C’est avec d’infinies précautions qu’une quinzaine d’États européens ont à leur tour entrepris hier d’alléger les mesures de confinement imposées depuis des semaines à leurs habitants. À commencer par l’Italie, pays le plus frappé du continent avec près de 29 000 morts, où les habitants sont désormais autorisés à sortir, selon des schémas variant selon les régions. À Rome, Stefano Milano, 40 ans, ne cache pas sa « joie » de regagner un peu de liberté et de pouvoir recevoir un cousin alors que son fils s’apprête à « souffler ses bougies » d’anniversaire. « L’urgence n’est pas terminée », martèle toutefois la ministre de l’Intérieur, Luciana Lamorgese.

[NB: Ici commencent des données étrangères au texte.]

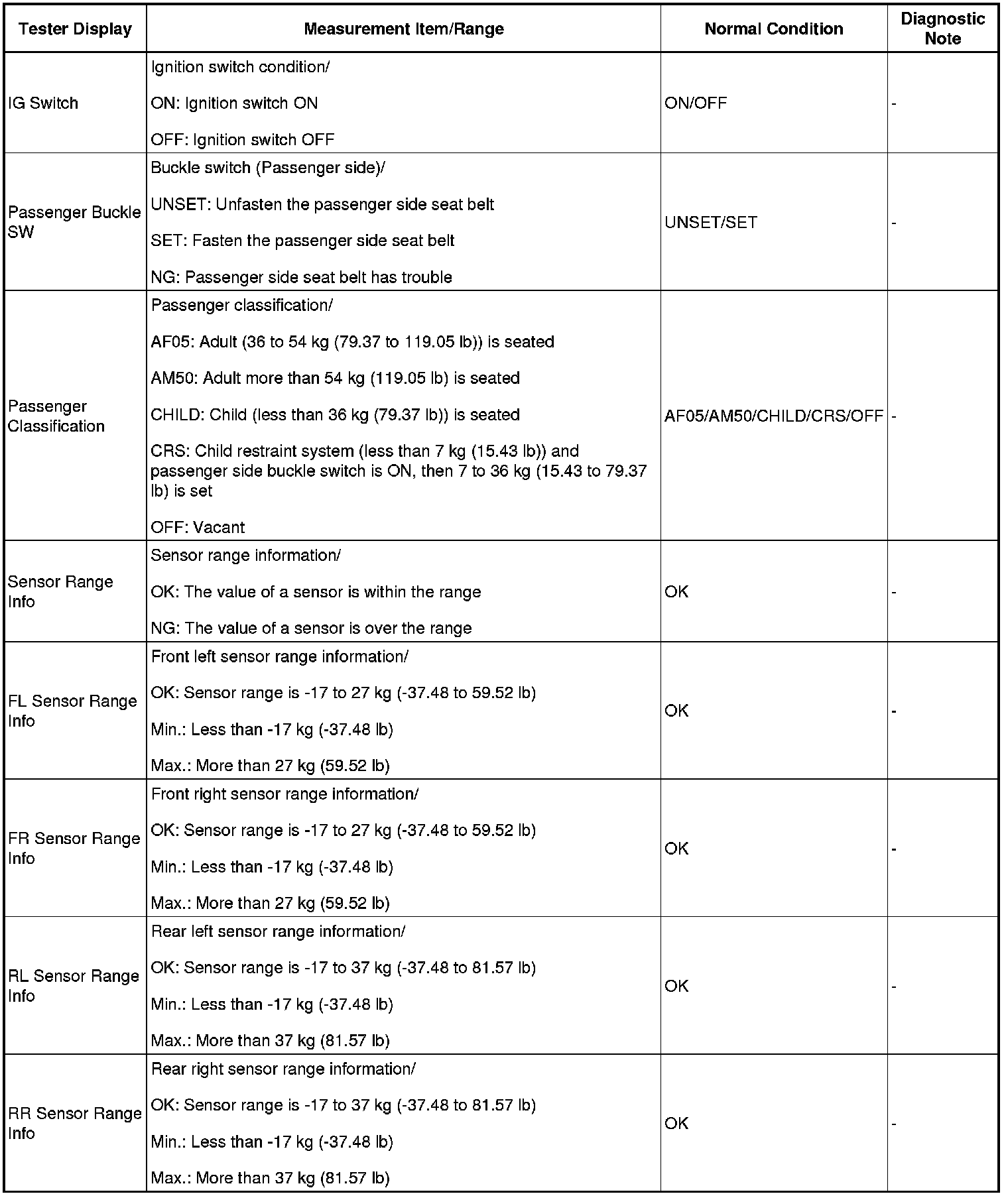 1. DATA LIST FOR OCCUPANT CLASSIFICATION ECU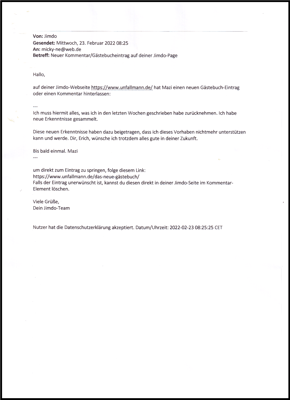 Es gab damals keiner Rufmord und es gibt auch jetzt keinen Rufmord auf meiner Webseite, weil ich so etwas auf keinem Fall dulde.

Du Portugal à la Serbie, de nombreux autres pays ont également allégé lundi le confinement, l’Autriche, pionnière en la matière, se risquant même à une rentrée scolaire partielle, de même que certains Länder allemands. À Barcelone, Conchi Navarro, coiffeuse de 56 ans, respire à travers un masque, ce qui embue légèrement ses lunettes. « Nous travaillons avec nervosité, pour appliquer strictement le protocole, respecter les mesures de protection, dit-elle. Mais il est important de montrer qu’on fait ça bien, pour que le client n’ait pas peur et revienne se couper les cheveux. »
Le casse-tête des écoles
Hors d’Europe, le Nigeria ou la Tunisie ont aussi levé hier certaines restrictions. « Nous venons de traverser un mois de faim et de peine. Maintenant je peux à nouveau gagner de l’argent et nourrir ma famille », se réjouit Ganiyu Ayinla, chauffeur de minibus à Lagos. Selon l’Organisation mondiale de la santé, seule la découverte d’un vaccin ou d’un remède permettra de mettre fin à la pandémie qui paralyse l’économie mondiale.
Une centaine de projets de vaccins ont été lancés à travers le monde, dont une dizaine en phase d’essais cliniques, selon des données diffusées par la London School of Hygiene & Tropical Medicine. D’ici à la découverte d’un remède, le respect des gestes barrières et de la distanciation sociale reste de mise. Un impératif qui tourne au casse-tête pour les pays qui prévoient de rouvrir les écoles. À l’image de la France, où près de 25 000 morts ont été dénombrés et où cette décision, qui doit prendre effet à partir du 11 mai, suscite la controverse. Sur l’île française de Mayotte, dans l’océan Indien, le début du déconfinement prévu le 11 mai a été reporté, car « le virus y circule librement », a indiqué le Premier ministre Édouard Philippe. Au Canada, le Premier ministre Justin Trudeau a reconnu ignorer s’il enverrait ses enfants à l’école s’il habitait au Québec, province où une rentrée est également prévue le 11 mai. « Ça va être une décision extrêmement personnelle pour beaucoup de parents », a-t-il reconnu au micro de Radio-Canada. L’Espagne, où le Covid-19 a fait plus de 25 000 morts, a redécouvert les joies du sport et de la promenade. Le déconfinement du pays doit se poursuivre par phases d’ici à la fin juin. En Allemagne, où la levée des restrictions est déjà bien enclenchée, le ministre des Sports s’est dit favorable à une reprise de la saison de football. Le test de tous les joueurs allemands de 1re et 2e division a montré pour l’instant que sur 1 724 tests effectués dans les 36 clubs concernés (18 dans chaque division), dix ont donné un résultat positif.
La pandémie a fait au moins 247 503 morts dans le monde depuis son apparition en décembre en Chine, dont quelque 144 000 en Europe. Aux États-Unis, pays le plus endeuillé avec près de 70 000 décès, les deux tiers des 50 États ont mis une levée des mesures de confinement à l’ordre du jour, afin de relancer l’économie. Le chef de la diplomatie américaine Mike Pompeo a affirmé dimanche disposer de « preuves immenses » que le nouveau coronavirus provenait d’un laboratoire sensible de la ville de Wuhan, berceau de la pandémie. Des propos jugés « déments et imprécis » par la télévision chinoise CCTV, selon laquelle « le malfaisant Pompeo crache son venin et répand des mensonges sans raison ».